> What to do:
Below are records to transcribe in full and unchanged; omit every picture.

> Input material:
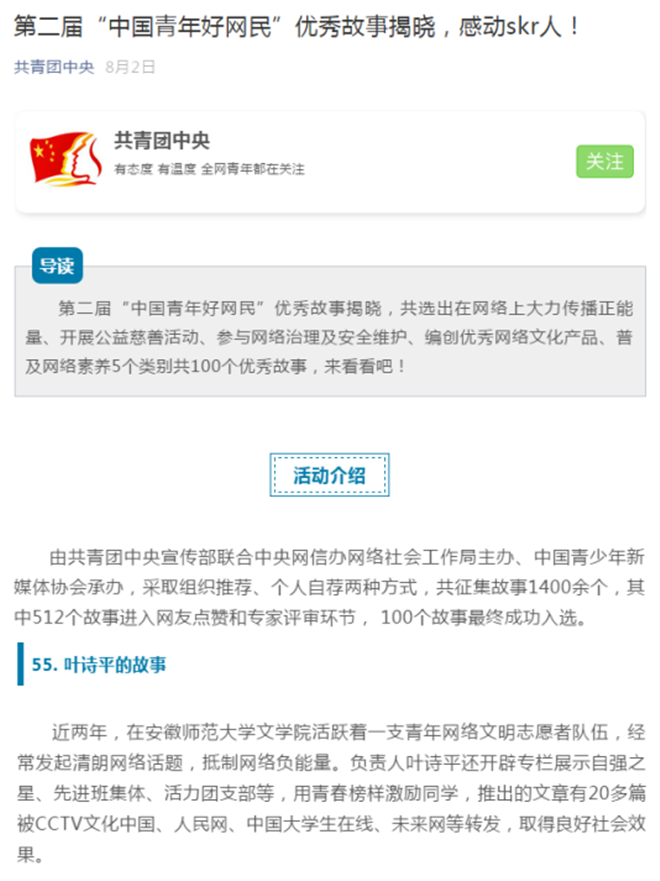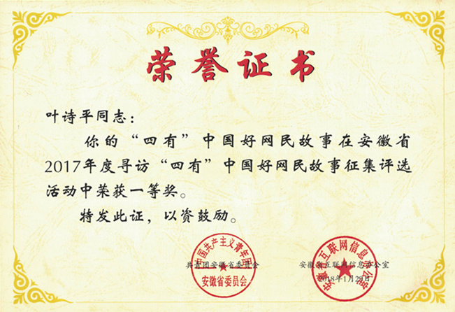 8月,由共青团中央、中央网信办联合举办的第二届“中国青年好网民”优秀故事征集活动结果揭晓。必赢线路检测3003no12015级秘书学专业学生叶诗平的故事经过初审、网友点赞及专家评审等环节,从全国1400余个故事中脱颖而出,入选100个优秀故事。此前,叶诗平荣获安徽省“四有”好网民故事一等奖。
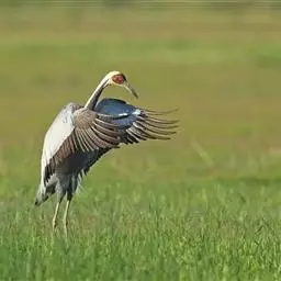 东非冕鹤是大型涉禽。体长127厘米。额部向外凸出,有乌黑色绒羽,…
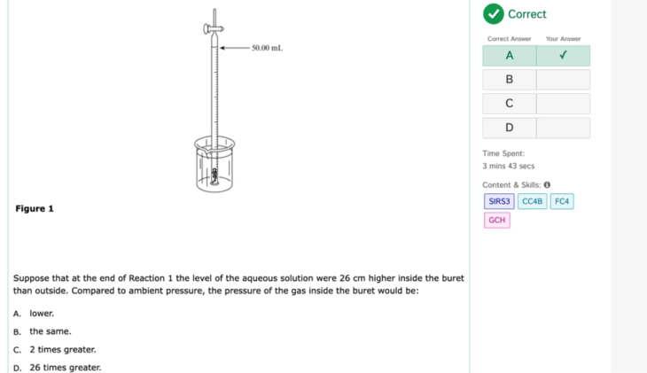 The solution is A. If the pressure of the gas inside the buret were the same or higher than atmospheric pressure, the level of the solution inside the buret would be the same or lower as outside, corresponding to answer choices B, C, or D. But the question states that the solution inside the buret is higher than it is outside. Therefore, neither B, C, or D can be correct, leaving answer choice A.
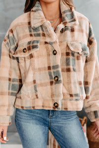 This Cream Plaid, Faux Fur Jacket Is So Cute, And Oh So Cozy!
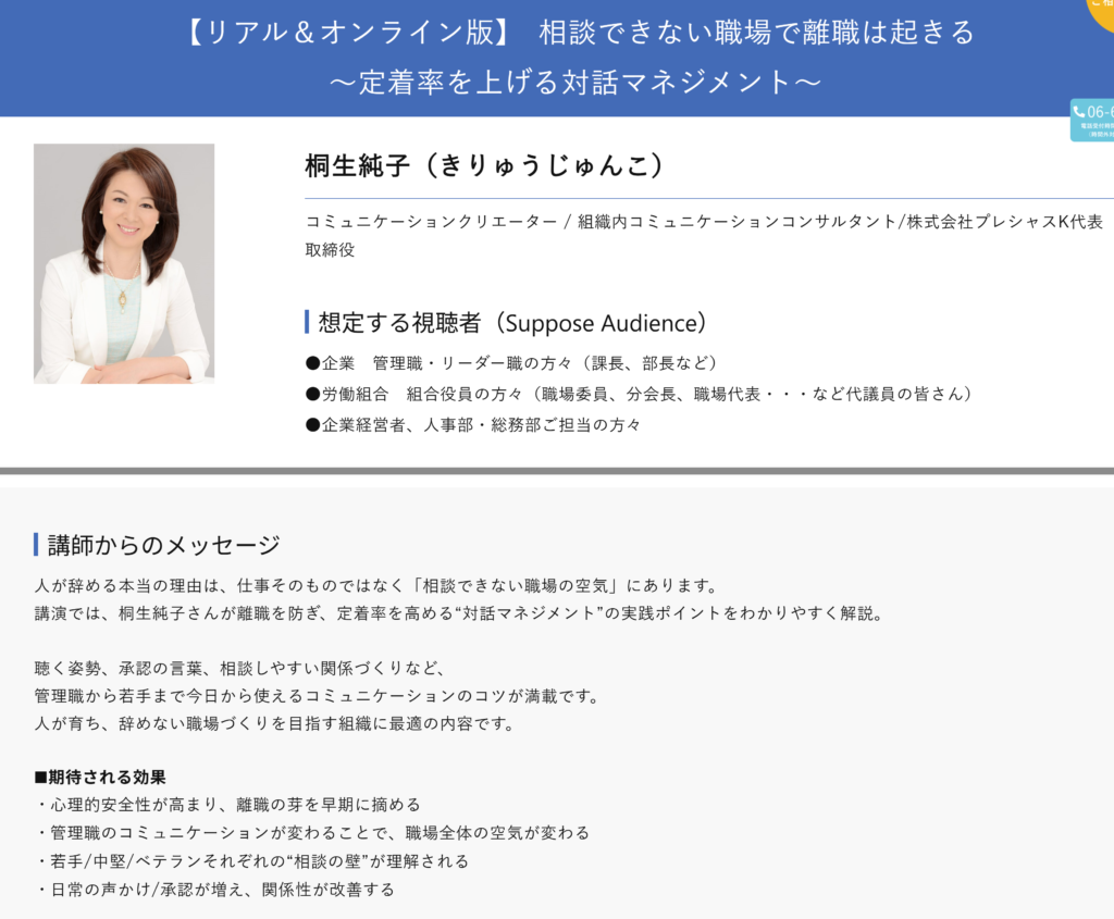 『相談できない職場で離職は起きる 〜定着率を上げる対話マネジメント〜』(桐生純子さん)
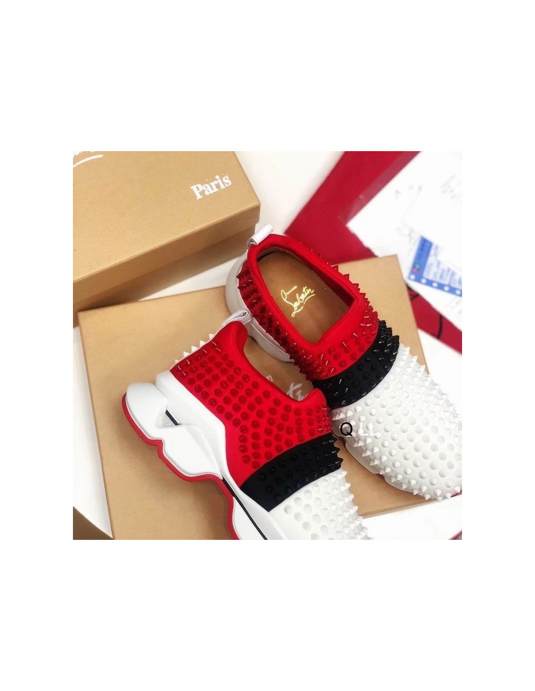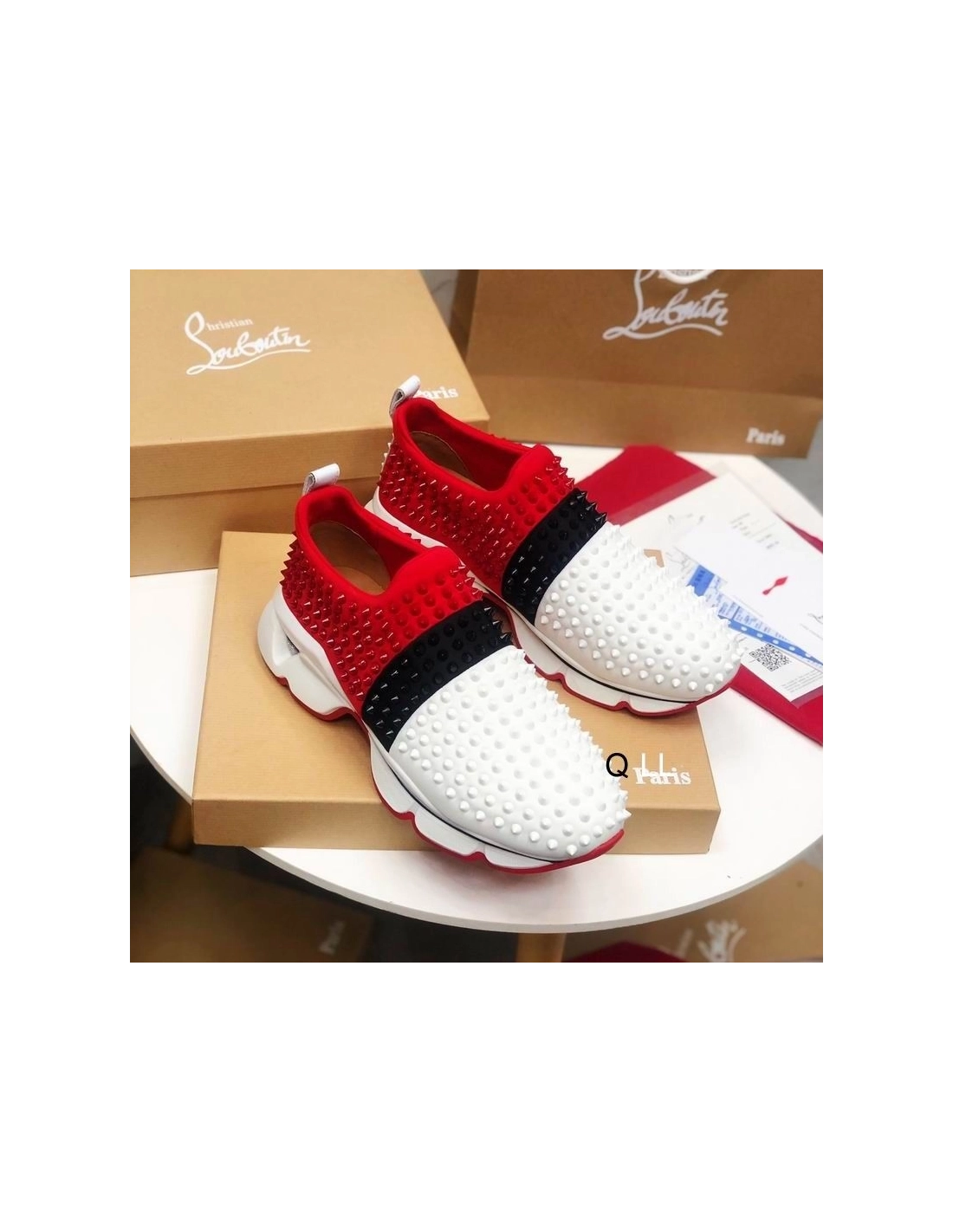 Christian Louboutin Spike Sock Sneakers Neoprene Multicolor
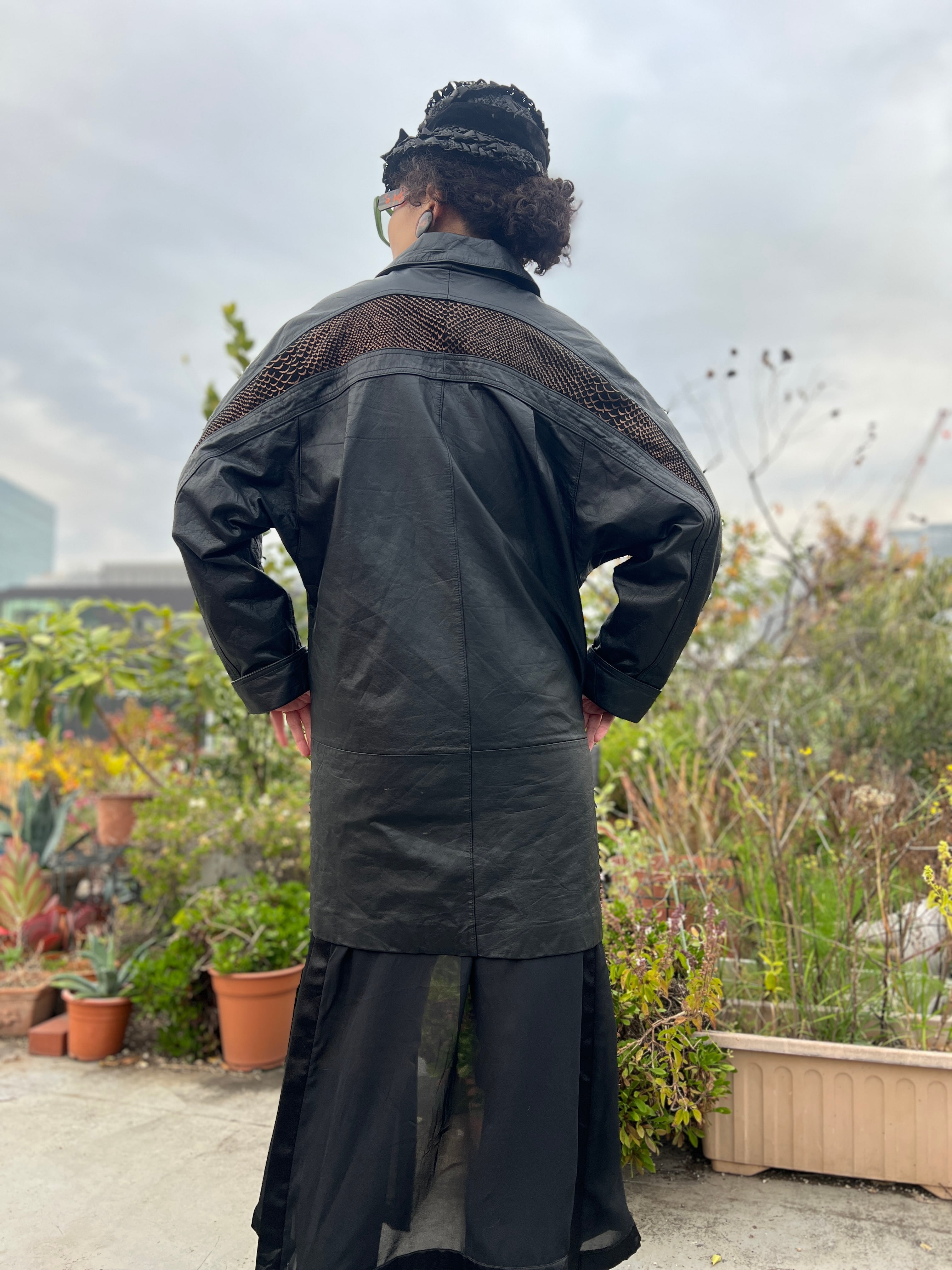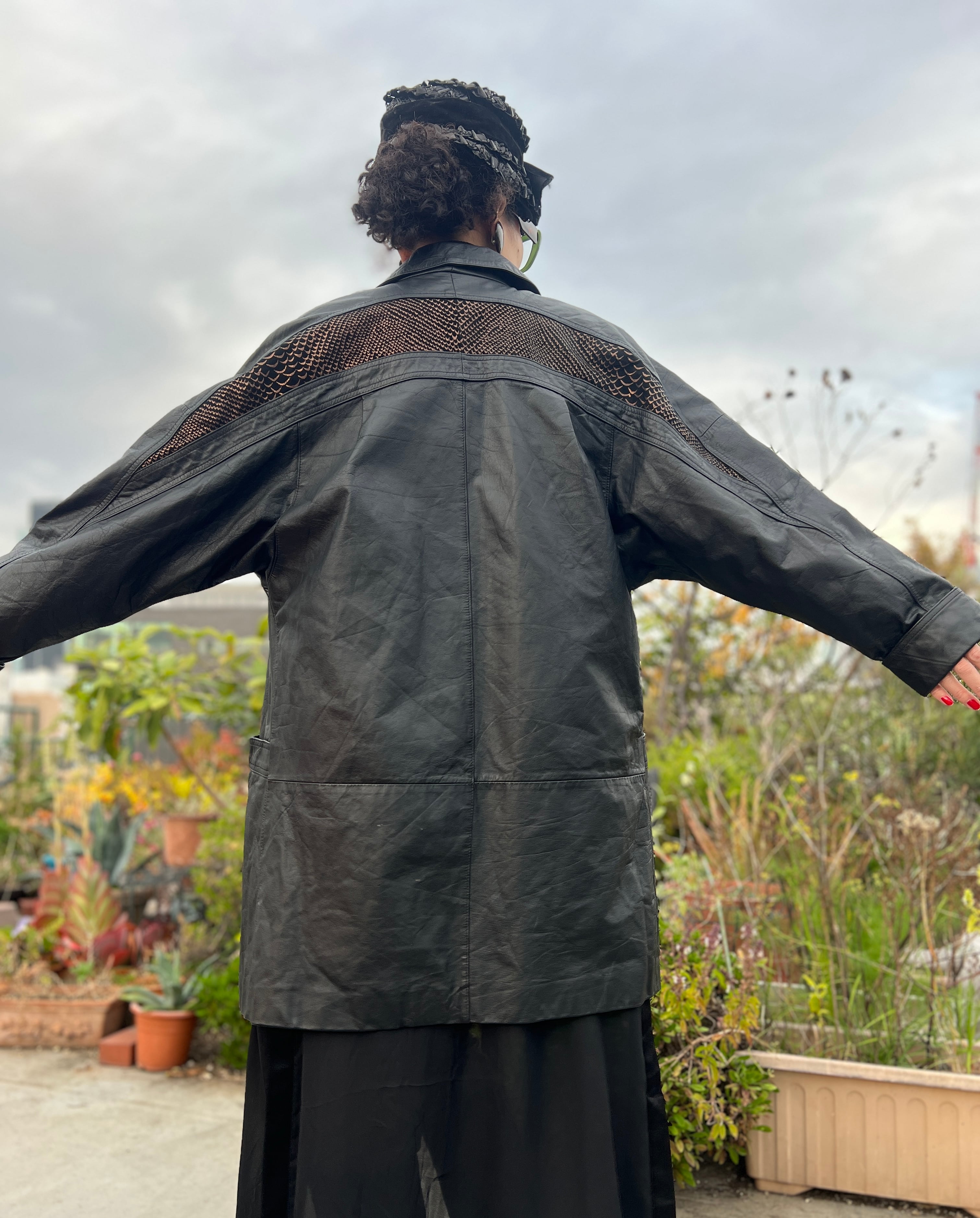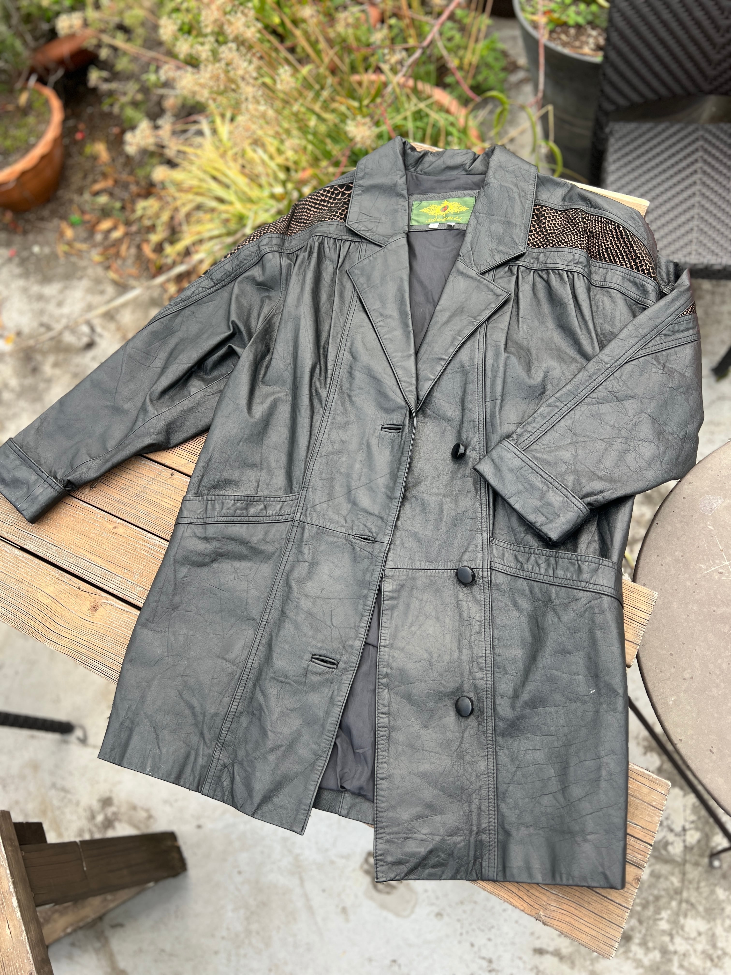 80s metallic Python handpaint × black leather jacket ( ヴィンテージ ブラックレザー × パイソン メタリック ハンドペイント レザー ジャケット )

> Response:
 8月,由共青团中央、中央网信办联合举办的第二届“中国青年好网民”优秀故事征集活动结果揭晓。必赢线路检测3003no12015级秘书学专业学生叶诗平的故事经过初审、网友点赞及专家评审等环节,从全国1400余个故事中脱颖而出,入选100个优秀故事。此前,叶诗平荣获安徽省“四有”好网民故事一等奖。
 东非冕鹤是大型涉禽。体长127厘米。额部向外凸出,有乌黑色绒羽,…
 The solution is A. If the pressure of the gas inside the buret were the same or higher than atmospheric pressure, the level of the solution inside the buret would be the same or lower as outside, corresponding to answer choices B, C, or D. But the question states that the solution inside the buret is higher than it is outside. Therefore, neither B, C, or D can be correct, leaving answer choice A.
 This Cream Plaid, Faux Fur Jacket Is So Cute, And Oh So Cozy!
 『相談できない職場で離職は起きる 〜定着率を上げる対話マネジメント〜』(桐生純子さん)
 Christian Louboutin Spike Sock Sneakers Neoprene Multicolor
 80s metallic Python handpaint × black leather jacket ( ヴィンテージ ブラックレザー × パイソン メタリック ハンドペイント レザー ジャケット )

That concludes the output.